Once a language model has been learned, we can use it not only to predict the next token but to continue predicting each subsequent one, treating the previously predicted token as though it were the next in the input. Sometimes we will just want to generate text as though we were starting at the beginning of a document. However, it is often useful to condition the language model on a user-supplied prefix. For example, if we were developing an autocomplete feature for a search engine or to assist users in writing emails, we would want to feed in what they had written so far (the prefix), and then generate a likely continuation.

The following predict method generates a continuation, one character at a time, after ingesting a user-provided prefix.
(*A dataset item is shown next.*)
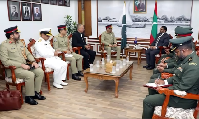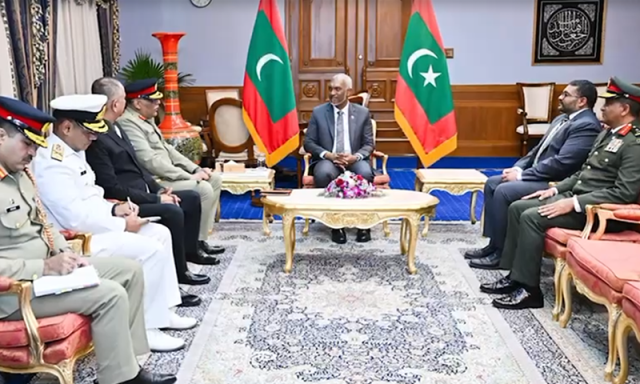 چیئرمین جوائنٹ چیفس آف اسٹاف کمیٹی جنرل ساحر شمشاد مرزا نے جمعے کو مالدیپ کے صدر ڈاکٹر محمد معیز، وزیرِ دفاع محمد غسان مامون، اور چیف آف ڈیفنس فورس میجر جنرل ابراہیم حلمی سے الگ الگ ملاقاتیں کیں۔
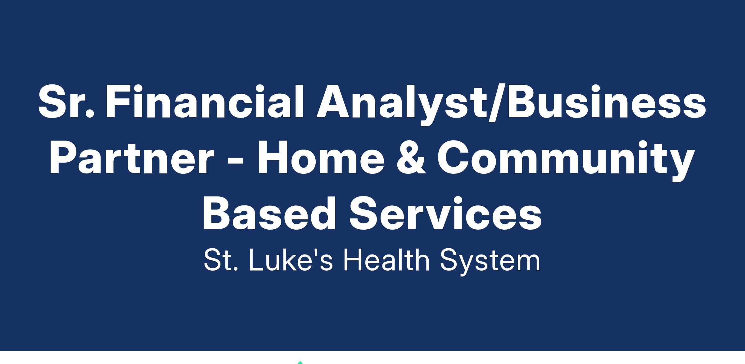 The Sr. Financial Analyst/Business Partner plays a critical role in shaping the operations of St. Luke's Health System. The successful candidate will bring advanced financial acumen and analytical skills, combined with exceptional communication, influencing, and collaboration to inform decision-making within operations to ensure that financial performance benefits our health systemβs mission. Finance Business Partners collaborate with operational leaders to understand their challenges and utilize analysis and problem-solving skills to achieve optimal results.

When looping through the characters in prefix, we keep passing the hidden state to the next time step but do not generate any output. This is called the warm-up period. After ingesting the prefix, we are now ready to begin emitting the subsequent characters, each of which will be fed back into the model as the input at the next time step.

function prediction(prefix, model, vocab, num_preds)
    outputs = [vocab.token_to_idx[string(prefix[1])]]
    state = zeros(32)
    for i in 2:length(prefix)
        x = outputs[end]
        x = reshape(Flux.onehotbatch(x, 1:length(vocab)), :, 1, 1)
        _, state = model.rnn(x, state)
        push!(outputs, vocab.token_to_idx[string(prefix[i])])
    end
    for i in 1:num_preds 
        x = outputs[end]
        x = reshape(Flux.onehotbatch(x, 1:length(vocab)), :, 1, 1)
        out, state = model.rnn(x, state)
        out = output_layer(model, out)
        idx = argmax(softmax(out), dims = 1)[1][1]
        push!(outputs, idx)
    end
    out_chars = map(outputs) do o 
        vocab.idx_to_token[o]
    end
    join(out_chars)
end

prediction (generic function with 1 method)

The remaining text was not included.